WORK ORDER →
Transcribe word for word the section of the records below that opens with the line containing "My dad and I" and closes with the line containing "Inside, tile flooring"; drop every picture.

BEGIN TASK INPUTS

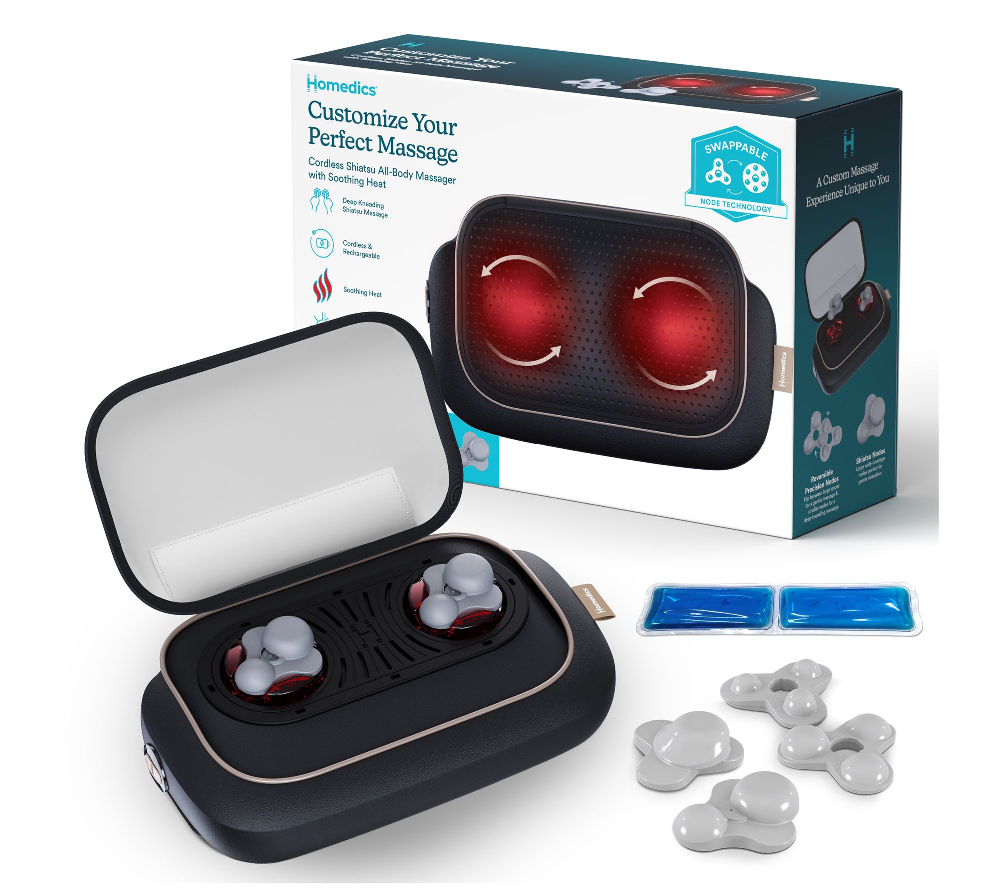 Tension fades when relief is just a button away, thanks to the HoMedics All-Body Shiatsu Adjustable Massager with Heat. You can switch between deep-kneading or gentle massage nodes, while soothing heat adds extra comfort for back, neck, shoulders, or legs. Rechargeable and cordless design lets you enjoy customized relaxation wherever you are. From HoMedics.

END TASK INPUTS
BEGIN TASK INPUTS

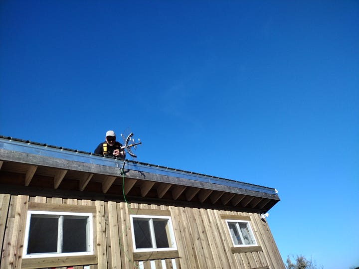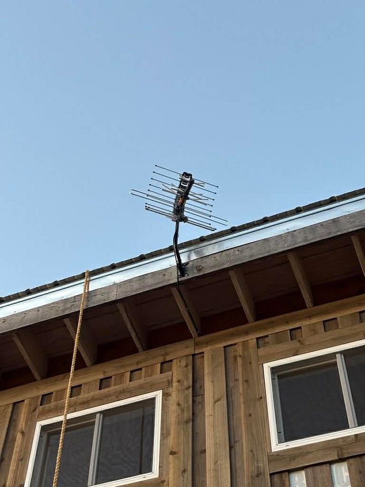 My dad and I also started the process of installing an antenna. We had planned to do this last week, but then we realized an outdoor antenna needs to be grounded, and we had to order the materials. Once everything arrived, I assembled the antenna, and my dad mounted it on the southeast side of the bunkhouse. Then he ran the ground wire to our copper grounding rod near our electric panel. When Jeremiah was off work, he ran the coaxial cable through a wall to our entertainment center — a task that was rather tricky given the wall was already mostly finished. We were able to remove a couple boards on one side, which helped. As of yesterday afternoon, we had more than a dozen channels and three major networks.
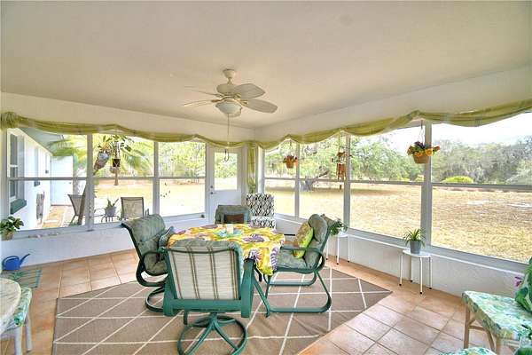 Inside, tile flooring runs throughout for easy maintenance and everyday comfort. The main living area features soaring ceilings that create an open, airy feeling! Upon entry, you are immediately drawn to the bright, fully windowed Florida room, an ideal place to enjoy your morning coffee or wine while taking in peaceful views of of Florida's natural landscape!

END TASK INPUTS
BEGIN TASK INPUTS

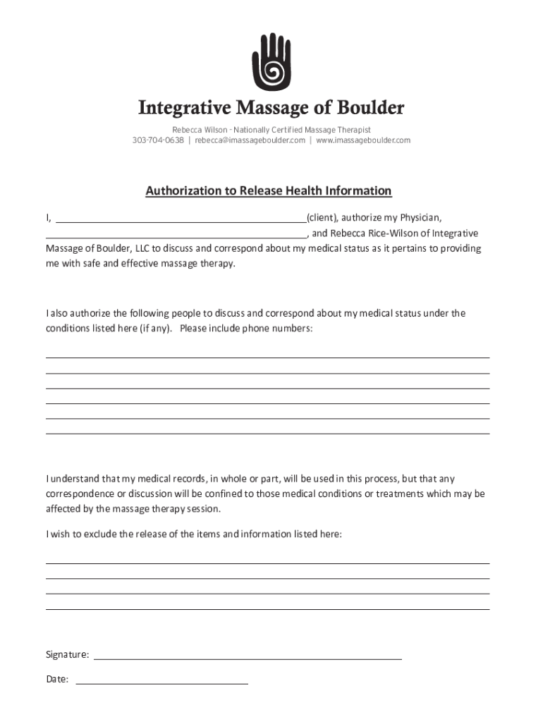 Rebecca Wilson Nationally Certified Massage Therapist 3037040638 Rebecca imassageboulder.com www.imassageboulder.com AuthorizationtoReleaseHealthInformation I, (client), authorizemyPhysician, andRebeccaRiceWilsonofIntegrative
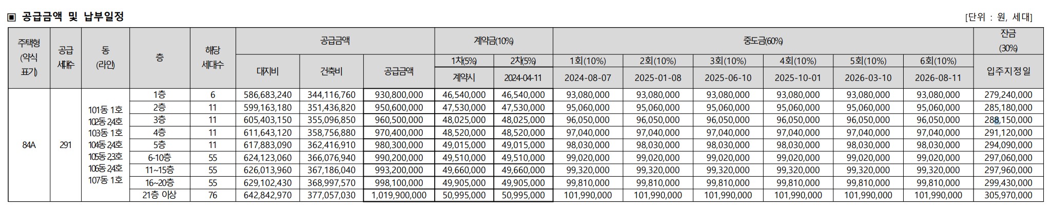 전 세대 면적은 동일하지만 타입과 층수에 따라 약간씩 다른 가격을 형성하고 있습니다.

END TASK INPUTS

WRITTEN ANSWER →
 My dad and I also started the process of installing an antenna. We had planned to do this last week, but then we realized an outdoor antenna needs to be grounded, and we had to order the materials. Once everything arrived, I assembled the antenna, and my dad mounted it on the southeast side of the bunkhouse. Then he ran the ground wire to our copper grounding rod near our electric panel. When Jeremiah was off work, he ran the coaxial cable through a wall to our entertainment center — a task that was rather tricky given the wall was already mostly finished. We were able to remove a couple boards on one side, which helped. As of yesterday afternoon, we had more than a dozen channels and three major networks.
 Inside, tile flooring runs throughout for easy maintenance and everyday comfort. The main living area features soaring ceilings that create an open, airy feeling! Upon entry, you are immediately drawn to the bright, fully windowed Florida room, an ideal place to enjoy your morning coffee or wine while taking in peaceful views of of Florida's natural landscape!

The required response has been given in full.